Charité 3R celebrated its official inception roughly a year ago to this day, Tuesday, December 17, 2019. The centre used the occasion to host a symposium titled “One year Charité 3R – results and perspectives” at the CCO auditorium at the Charité Campus Mitte.
About a dozen of instructive and compelling presentations informed the guests of the missions and goals Charité 3R pursues, the progress achieved over the last twelve months, but also of what the greatest challenges are in the future. The symposium also served as the “onboarding” of the new Scientific Advisory Board, which gathered for its first meeting the following Wednesday, December 18, 2019.
Charité dean, Professor Axel Radlach Pries, in his opening statement recalled the founding history of Charité 3R and the political discussion three years ago on what role animal research should play in the future in the “city of science” of Berlin. “It was a time when I could say without further ado that animal testing couldn’t be done without for the time being,” Pries said. “But what I couldn’t say was that we were doing all we could do to find alternatives.”
Alternatives to animal testing need to be imagined first
Charité 3R from now on enjoys top-ranking support by its internationally staffed Scientific Advisory Board as well as the six members of the Berlin Advisory Board. Charité 3R spokesman Professor Stefan Hippenstiel gave a cordial welcome to the new members and also thanked the other guests – among them the members of the Representatives’ Council and the many Charité employees, who actively engage in the endeavor or who are sincerely interested in it. “It is you who make 3R at the Charité possible,” he said. “It is outstanding and it merits our special praise and thanks.”
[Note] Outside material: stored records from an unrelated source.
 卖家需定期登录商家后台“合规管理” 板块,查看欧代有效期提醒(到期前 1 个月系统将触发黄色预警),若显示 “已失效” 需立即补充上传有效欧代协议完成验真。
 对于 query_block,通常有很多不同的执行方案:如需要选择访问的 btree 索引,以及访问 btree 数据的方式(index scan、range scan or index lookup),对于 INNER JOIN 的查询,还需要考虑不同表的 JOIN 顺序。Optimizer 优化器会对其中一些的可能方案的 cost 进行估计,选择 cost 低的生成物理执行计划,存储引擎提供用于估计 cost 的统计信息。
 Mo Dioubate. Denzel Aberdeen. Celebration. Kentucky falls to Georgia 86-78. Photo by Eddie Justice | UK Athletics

“3 R” is short for “replace – reduce – refine”, which means to reduce animal testing by alternative methods or to completely replace them or to improve through refinement the living conditions of test animals. Refinement is where it’s most wanted, Stefan Hippenstiel reported, and named eleven projects which Charité 3R already funds on this subject, for instance the improvement of pain management for test animals. “You cannot stress the aspect of animal welfare enough,” says the researcher of lung infections about the fact that animal testing is still characteristic of biomedical research.
A cultural change also promises better biomedical research
To further pursue a cultural change or a change of mindset in the scientific community, Charité 3R employs the three pillars of communication, advanced education and research funding. Nearly a million euros are invested per year directly in novel 3R technologies – starting from January 2020. These are computer-aided models or genetic and stem cell technologies that will support the development of animal-free models such as organoids. “These technology platforms will be at everyone’s disposal Charité-wide,” says Hippenstiel, “and they are equally important for the training of our junior scientists. ”This investment will not only prove beneficial for animal welfare, he points out, but it will also improve results in basic research and thus enhance translation into therapies. Hippenstiel is convinced that “we can improve our knowledge, our diagnostics and our therapies of medical conditions, if we strictly apply 3R principles.”
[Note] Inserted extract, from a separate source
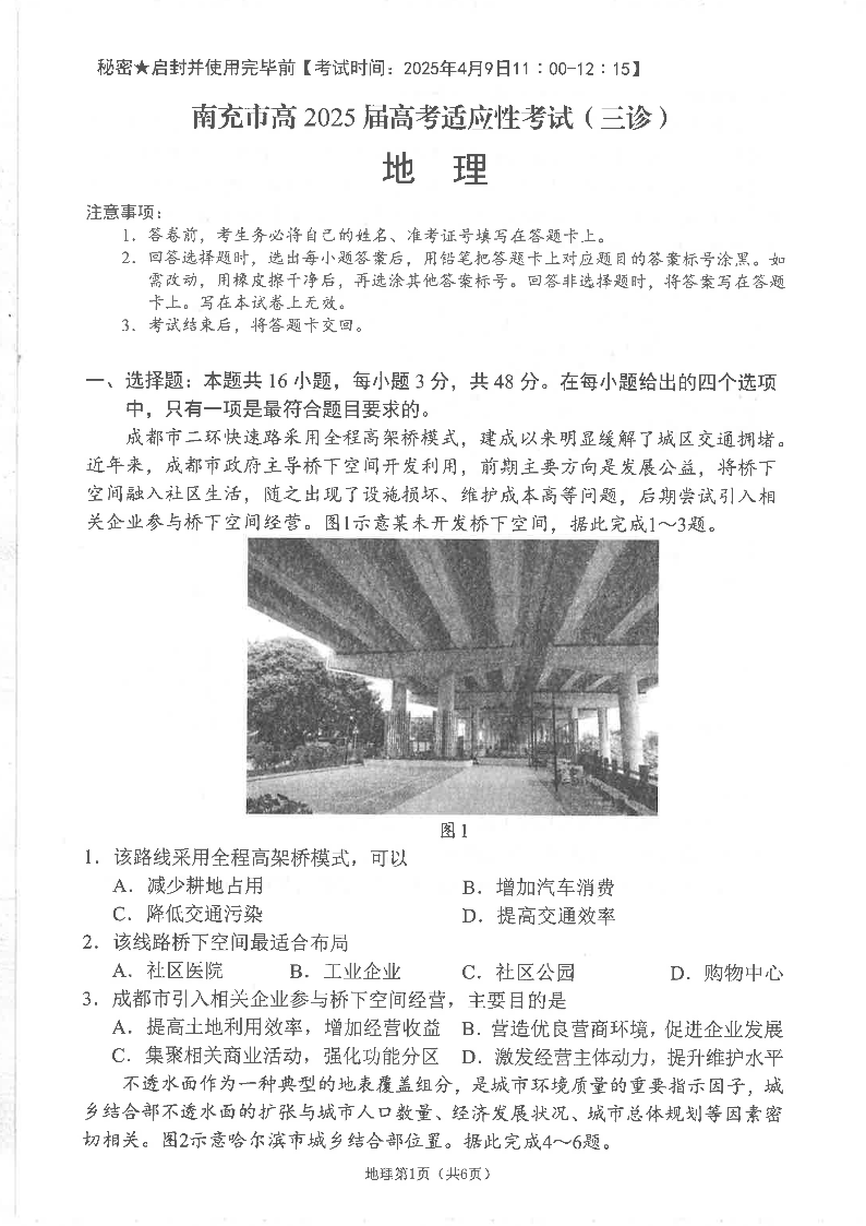 四川省南充市高2024-2025学年下学期高考适应性考试(三诊)地理

Professor Arti Ahluwalia, member of the Scientific Advisory Board, confirms this. The scientist from Pisa University and head of the National Centre for 3R in Italy does research on brain organoids herself and has computed under which conditions the miniature brains function best. Given the right conditions, says Ahluwalia, organoids are a better model of human physiology in some respects than mice or rats are, “because they are made from the same material as we are.”
Are people free to use animals for their purposes?
According to Professor Peter Kunzmann, philosopher at the Institute for Animal Hygiene, Animal Welfare and Livestock Ethology at Hannover university, and also a member of the Scientific Advisory Board, such innovative technologies need to be increasingly used for one additional reason. Today, Kunzmann says, there is a societal consensus that people may use animals for their purposes – be it as pets, as food source or for research. “This ethical stance is man-made, however, and may someday be challenged.”
Charité dean Pries shared the ethical concerns and emphasized people’s moral obligation towards other living beings on the planet. “We have the obligation to forcefully pursue the development of alternatives to animal testing,” he said. “And this is why we push for a paradigm shift, not only in the Charité, but in Germany and Europe as well.”